O campo magnético da Terra é regularmente afetado por explosões solares que podem desencadear auroras coloridas e que por vezes perturbam as comunicações por satélite, os sistemas de navegação humanos e as redes elétricas.
Mas pouco se sabe sobre como essas perturbações afectam os animais que dependem do campo magnético da Terra para orientação migratória e navegação. Estudos experimentais anteriores ao longo de várias décadas fornecem fortes evidências de que aves, tartarugas marinhas e outros organismos influenciam pequenas mudanças na inclinação, intensidade e declinação magnética ao tomar decisões de orientação e desenvolver mapas de navegação.
Um estudo recente examinou milhões de registos de anilhamento de aves e descobriu que as perturbações geomagnéticas estavam associadas ao aumento da incidência de “vadiagem” de aves migratórias, isto é, aves que se perdem durante a migração.

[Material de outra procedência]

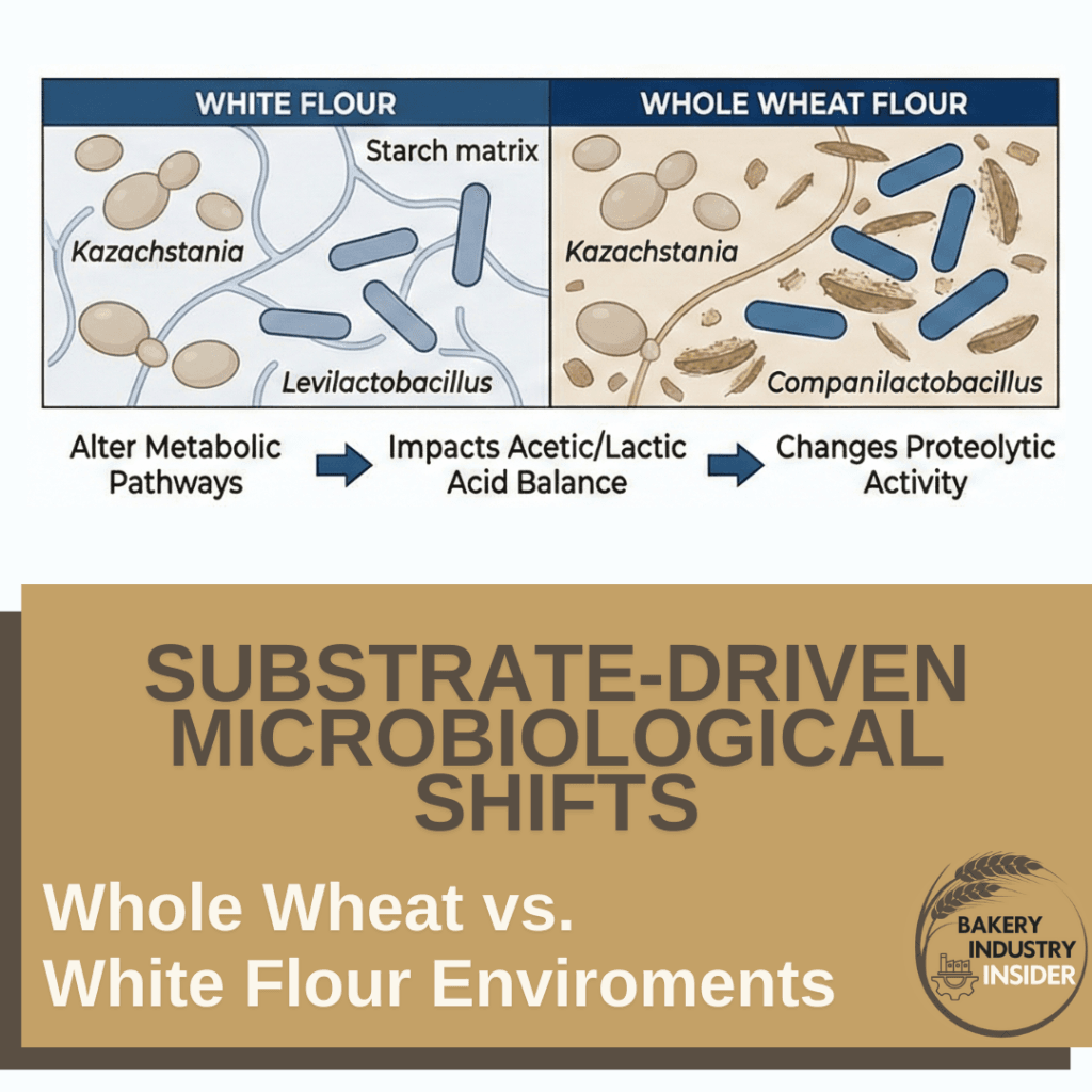 - The Shift: White flour environments typically support Levilactobacillus, whereas whole wheat substrates significantly favor the proliferation of Companilactobacillus.

Mas a maioria dos estudos anteriores concentraram-se estritamente na extensão geográfica, duração e número de espécies examinadas. O estudo recentemente publicado, por outro lado, utiliza um conjunto de dados de 23 anos de migração de aves através das Grandes Planícies dos EUA para fornecer novos conhecimentos a nível populacional e paisagístico.
Os pesquisadores usaram imagens coletadas em 37 estações de radar NEXRAD na rota central das Grandes Planícies dos EUA, um importante corredor migratório. A rota aérea se estende por mais de 1.600 quilômetros nos EUA, do Texas à Dakota do Norte.
A equipe de pesquisa selecionou esta região relativamente plana para minimizar as influências da topografia montanhosa ou da costa oceânica e dos Grandes Lagos. Seus conjuntos de dados finais incluíram 1,7 milhão de varreduras de radar do outono e 1,4 milhão da primavera.
A comunidade de aves migratórias noturnas nesta região é composta principalmente por um conjunto diversificado de aves empoleiradas (Passeriformes, 73% das espécies), como tordos e toutinegras; aves limícolas (Charadriiformes, 12%), como maçaricos e tarambolas; e aves aquáticas (Anseriformes, 9%), como patos, gansos e cisnes.
As varreduras do radar NEXRAD detectam grupos de centenas a milhares de aves migratórias. A intensidade da migração – ou seja, o número de aves em cada grupo – pode ser estimada e a direção do voo pode ser medida.
Medições geomagnéticas simultâneas foram acessadas através do superMAG, uma coleção mundial de estações geomagnéticas terrestres. Os dados foram coletados de estações magnetométricas próximas a locais de radar meteorológico.
Os pesquisadores combinaram os dados de cada estação de radar com um índice personalizado e espaço-temporalmente explícito de perturbação geomagnética que representa a mudança horária máxima em relação às condições magnéticas de fundo.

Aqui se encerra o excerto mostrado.